Я покачала головой, вцепившись в край парты.

— Не могу, — прошептала я, и мой голос дрожал, выдавая страх.

— Это не просьба, — отрезал он, шагая ко мне быстрыми, уверенными шагами.

Я вжалась в парту, но он не остановился. Одним резким движением он сорвал кепку с моей головы, и она упала на пол, как сброшенная кожа.

Тишина.

А потом — взрыв хохота, такой громкий, что он, казалось, сотрясал стены.

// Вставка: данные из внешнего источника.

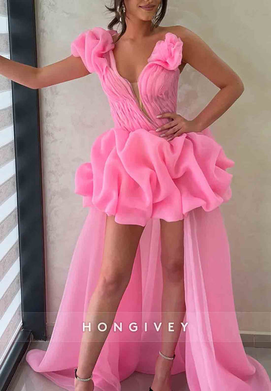 Gorgeous A Line One Shoulder Pink High Low Homecoming Dress with Train
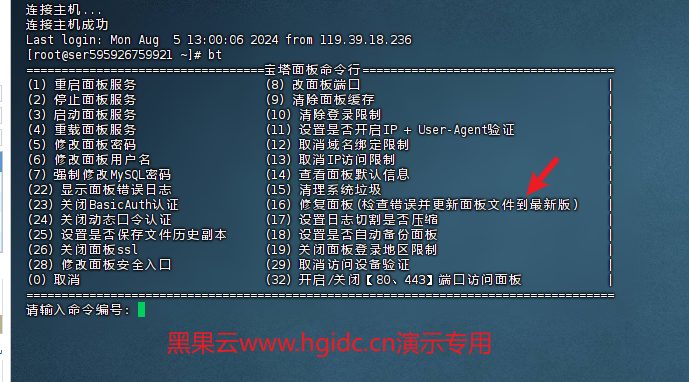 在此界面中选择16修复面板,等待更新修复成功后,再次访问宝塔面板
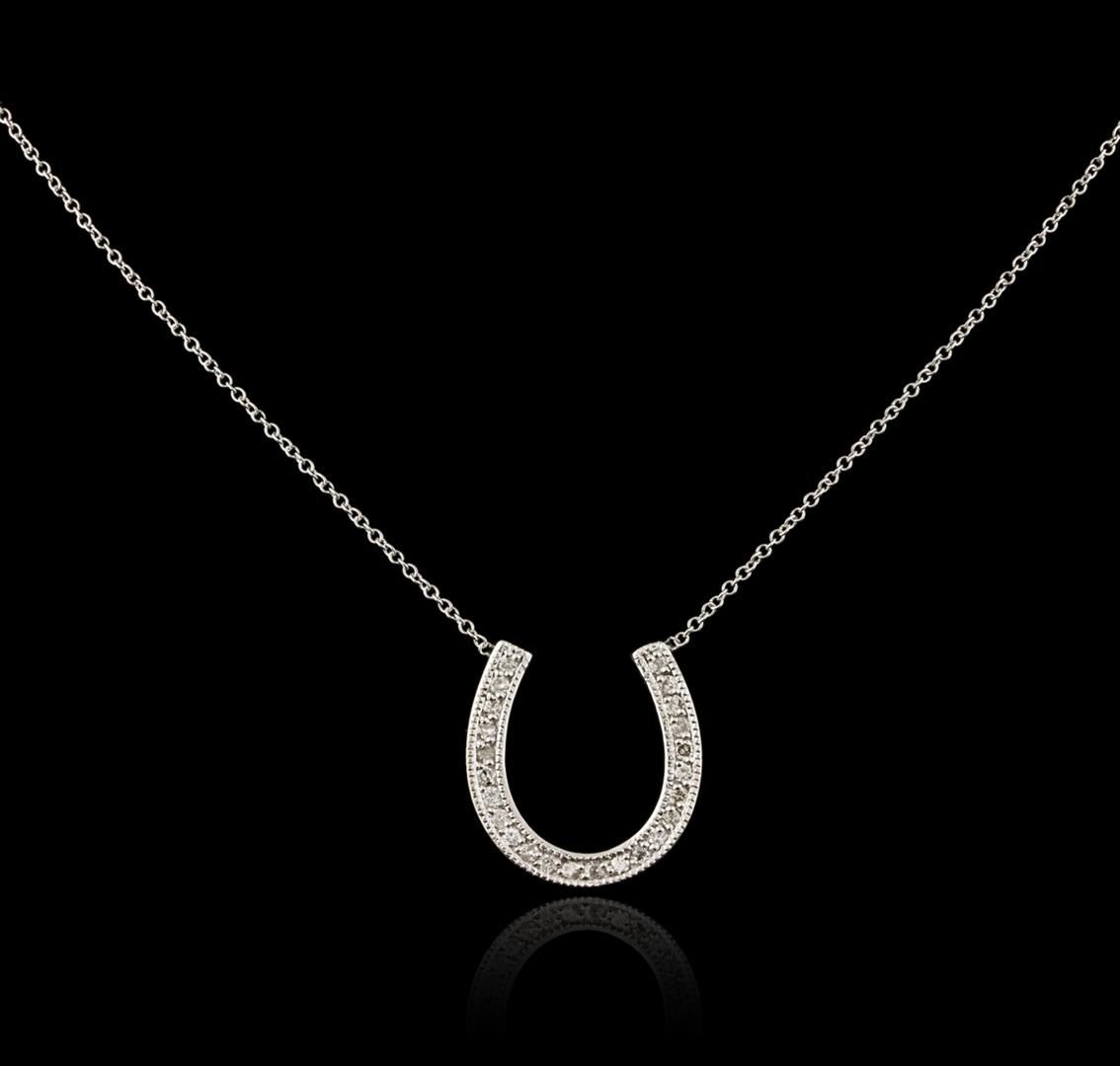 One horse shoe pendant with chain featuring: 14KT white gold weighing 3.58 grams containing pave set round diamonds with a total weight of 0.29ct.
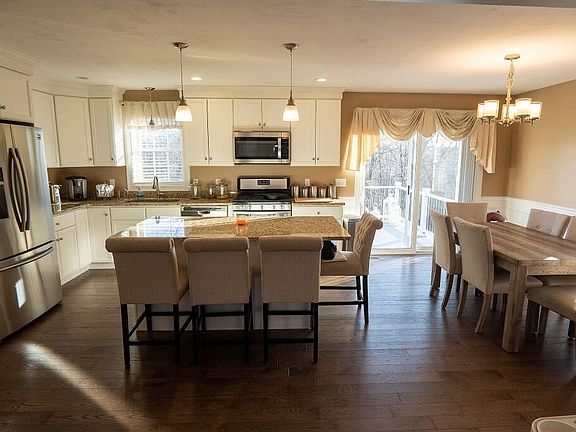 Nestled on over two thirds of an acre, this young colonial has found the perfect location...less than a mile walk to historic downtown Plymouth yet close to highway access. Eat at the table in the large country white cabinet kitchen or choose the center kitchen island with seating for four. Better yet, choose the formal dining room. Stainless steel appliances, granite counters, wood floors throughout the first floor as well as a pantry closet and laundry room. The spacious living room with electric fireplace leads to the staircase to the four bedrooms upstairs, all with w/w carpet and cable. Central air throughout. Don't miss the finished lower level walkout with family room, electric fireplace, cabinets, sink and full-size granite table in finished eating area and partial bath. Large outdoor deck and patio on lovely large lot. Electric fireplace in main floor living room does not convey.

— О боже, она как радиация! — визгливо закричала Катя, её голос дрожал от злорадного восторга.

— Наверное, вшей травила! — подхватила Лена, и её смех был похож на лай.

Я сидела, сжимая кулаки, чувствуя, как жар стыда разливается по телу, от груди до кончиков ушей. Голая кожа головы, нежная и уязвимая, казалась обнажённой раной, выставленной напоказ. Я не поднимала глаз. Не могла. Знала, что увижу их лица — ухмылки, насмешки, торжество.

Кабинет директора был холодным, несмотря на солнечный свет, лившийся через окно. Катя сияла, её перевязанный нос не умалял её уверенности. Рядом с ней сидел её отец — дорогой костюм, золотые часы, снисходительная улыбка человека, который знает, что мир принадлежит ему. Мой отец, в мятой рубашке и с запахом перегара, нервно теребил кепку в руках, избегая смотреть на меня.

— Конфликт исчерпан, — сказал Катин отец, пожимая руку моему, как будто они заключили сделку. — Вы правильно провели воспитательную беседу.

— Да-да, конечно, — закивал мой отец, его голос был подобострастным, почти жалким.

Я стояла, уставившись в пол, чувствуя, как каждая трещина в линолеуме становится картой моего поражения. Посмотри ему в глаза. Не опускай взгляд. Слова Марины Игоревны эхом звучали в голове, но страх, липкий и тяжёлый, придавил их, как камень.

— Алина, — директор обратился ко мне, его голос был холодным, как зимний ветер. — Есть что сказать?

Я молчала. Горло сжалось, слова застряли где-то глубоко, там, где пряталась моя душа. Катя посмотрела на меня, и её губы искривились в ехидной улыбке.

Директор кивнул, будто это был конец разговора, конец меня. Я повернулась и вышла, чувствуя, как пол под ногами качается, как будто я иду по краю пропасти.

На следующей перемене Катя с подружками подошла ко мне. Лена и Вика, держали меня за руки, а катя одной рукой обхватила шею сзади, а второй написала на голове «Чмошница».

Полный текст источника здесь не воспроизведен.